Castro: I quit as party leader five years ago

Former Cuban president says he gave up all official duties, including Communist Party leadership, in 2006.

    Fidel Castro said people still refered to him "affectionately" by his former titles.

    Fidel Castro has finally confirmed his resignation as head of Cuba''s Communist Party, five years after quitting the post.

    Castro, 84, retreated from public life and ceded most of his duties to his brother, Raul Castro, when he underwent emergency intestinal surgery in 2006.

    He officially handed the country''s presidency to his brother, Raul Castro, in February 2008, having led the Caribbean nation since the 1959 revolution that brought him to power.

    The Communist Party is due to hold its first congress since 1997 next month, prompting speculation that a new leader, assumed by many to be Raul Castro, would be formally chosen. A new central committee for Cuba''s only legal political party is also expected to be elected.

    In a column published in the state-run media on Tuesday, Fidel Castro said he had already given up all of his official positions, although he said people continued to refer to him "affectionately" by his former titles.

    "I resigned without hesitation all my state and political positions, even that of First Secretary of the Party, when I got sick and I never tried to exercise them after the proclamation of July 31, 2006," a reference to the statement in which he ceded power to his brother.

    Castro is widely believed to have continued playing a behind-the-scenes role during his illness and made his first public appearance in four years last July.
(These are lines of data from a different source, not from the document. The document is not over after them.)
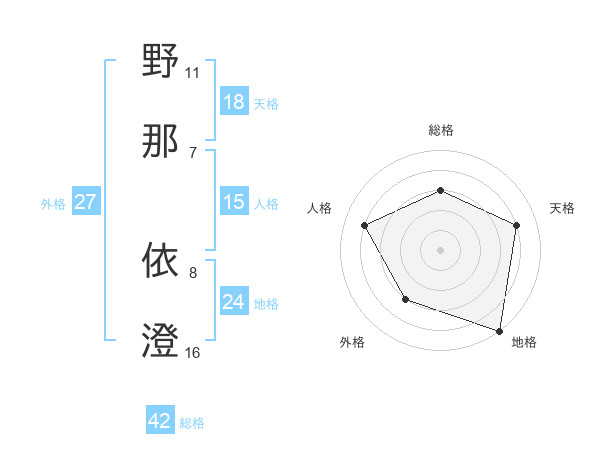 野那 依澄さんの総格は42画の3点!
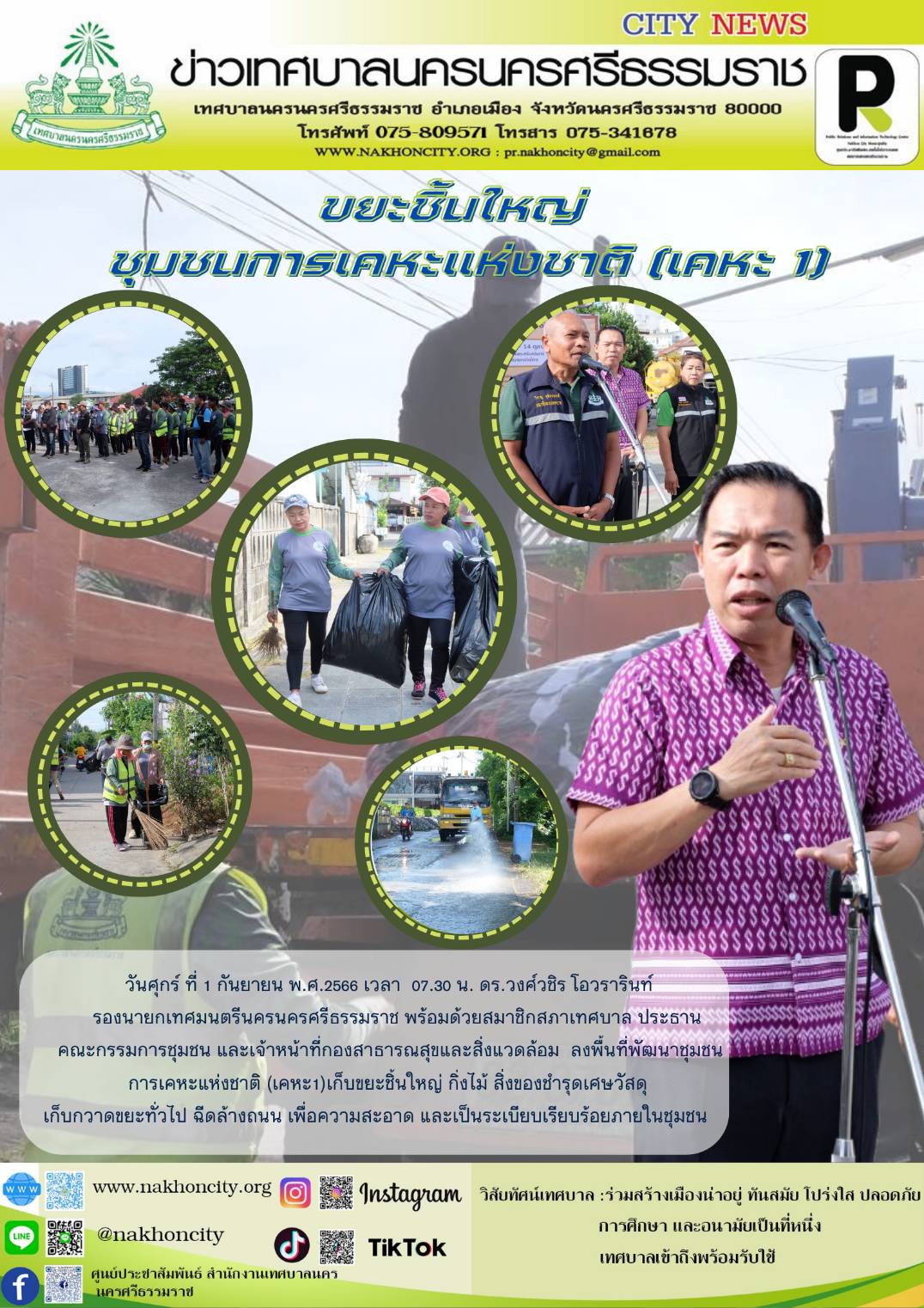 ดร.วงศ์วชิร โอวรารินท์ รองนายกเทศมนตรีนครนครศรีธรรมราช นำเจ้าหน้าที่กองสาธารณสุขและสิ่งแวดล้อม ลงพื้นที่เก็บขยะชิ้นใหญ่ ชุมชนการเคหะแห่งชาติ (เคหะ1) |
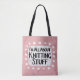"I'm All About Knitting Stuff" es un lindo diseño de texto en rosa con texto en negro y rojo, junto con una forma de acento blanco y puntos caprichosos de textura blanca que lo rodean.
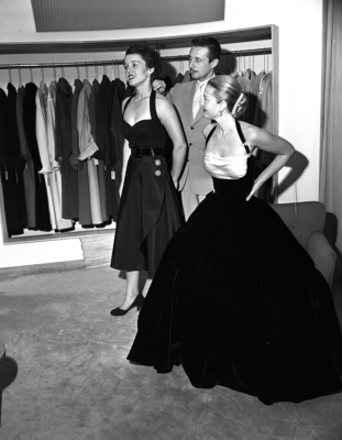 Oleg Cassini, designer who will show his clothes, inspects models wearing his creations. At left is the dress he calls "Little Sin", fashioned with a halter neckline and shirred bodice which can be covered with a high-collared bolero. The evening gown is of black velvet with pearl satin inset. It, too, has a cover-up jacket.

    His announcement prompted surprise among some Cubans.

    "It''s incredible. Nobody can believe it," said Magaly Delgado, a 72-year-old Havana retiree, told the Associated Press news agency. "I always thought he was still in charge. ... He never said he had resigned."

    Meanwhile, the Roman Catholic Church said on Tuesday that the Cuban government would release two political dissidents held since 2003.

    Activists Felix Navarro and Jose Daniel Ferrer are the last of 75 prominent intellectuals, opposition leaders and activists whose imprisonment on charges including treason had attacked criticism from Amnesty International and human rights activists.

    Cuba has been releasing the prisoners gradually under a July agreement reached between Raul Castro and Jaime Ortega.